Добавить в цитаты Настройки чтения

Страница 12 из 90



Учебный день в Академии имел не менявшийся с годами распорядок. В 7 утра начинались классы, в промежутках которых давался один час отдыха. В 12 часов воспитанники отправлялись в столовую обедать. С 5 до 7 был всегда натурный класс — святая святых для воспитанников старших возрастов.

«Зала натурного класса представляла довольно любопытное зрелище, — вспоминал Ф. Г. Солнцев. — Она устроена была в виде полукруглого амфитеатра, посредине которого находилось место для натурщика; над ним вырезано пространство, аршина полтора в диаметре, чрез которое виднелись небеса и звезды — действительная натура. Сверху спущена была люстра, состоящая из железного круга, в форме большого блюда, с сделанным по краям углублениям; в круг наливалось конопляное масло, а в углубления вставлялись светильники. Натурщика устанавливал обыкновенно дежурный профессор под самою люстрой; с боков его грело от печей, а сверху продувало. Кто сидел на нижней скамейке, на того с люстры капало масло, брызги летели во все стороны, отчего рисунки нередко портились. Натурщиков брали большею частью из крестьян…»
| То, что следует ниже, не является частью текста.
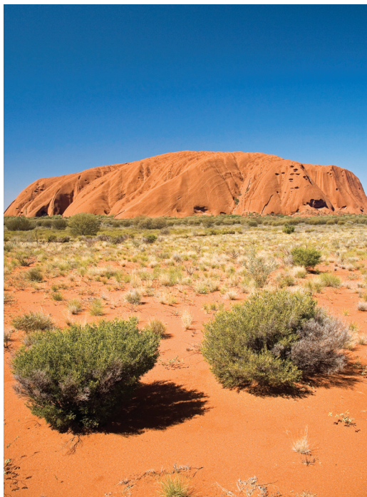
Aboriginal site of Uluru (Ayers Rock)

Рисовальные классы, особенно натурный, походили на куреня. Освещались они смрадными простыми лампадами, расположенными рядами на нескольких железных сковородках. Над ними была поставлена широкая железная труба, проведенная сквозь крышу здания для уменьшения копоти, но вместо этого через нее в сильные морозы проходил несносный холод прямо на голую натуру и на учеников. Профессора и учащиеся, пробыв два часа в натурном классе, плевались и сморкались несколько часов одной копотью.

Право постановки натурщиков предоставлялось только профессорам исторической живописи, и они, казалось, старались перещеголять друг друга в ее затейливости.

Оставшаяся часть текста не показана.